● Dataset section:
┄┄┄┄┄┄┄┄┄┄┄┄┄┄┄┄┄┄┄┄

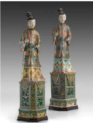
Chinese, Qing Dynasty (1644–1911) Two Figures of Ladies on Stands , 18th century Hard-paste porcelain with polychrome overglaze 38 × 10 1/4 × 10 1/4 inches The Frick Collection, New York
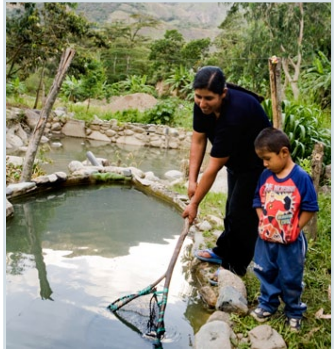
As part of an income-generating activity through the PRAA project, CARE is supporting this trout farm in Santa Teresa. The fish farm is operated by a local women's association.

The district is dominated by subsistence agriculture, with crops such as coffee, plantain, maize, avocado and passion fruit. The entire area is of great natural and cultural importance, as it is adjacent to the historic sanctuary of Machu Picchu, and is therefore an area with tourism potential. Nevertheless, Santa Teresa is located in a vulnerable zone with a history of landslides, mainly due to debuttressing of the Salkantay glacier.

┄┄┄┄┄┄┄┄┄┄┄┄┄┄┄┄┄┄┄┄

● About this exercise: What is needed is a word-for-word copy of the lines from the start of the data to the line with "As part of an", inclusive, with no pictures in it.

● Result:
Chinese, Qing Dynasty (1644–1911) Two Figures of Ladies on Stands , 18th century Hard-paste porcelain with polychrome overglaze 38 × 10 1/4 × 10 1/4 inches The Frick Collection, New York
As part of an income-generating activity through the PRAA project, CARE is supporting this trout farm in Santa Teresa. The fish farm is operated by a local women's association.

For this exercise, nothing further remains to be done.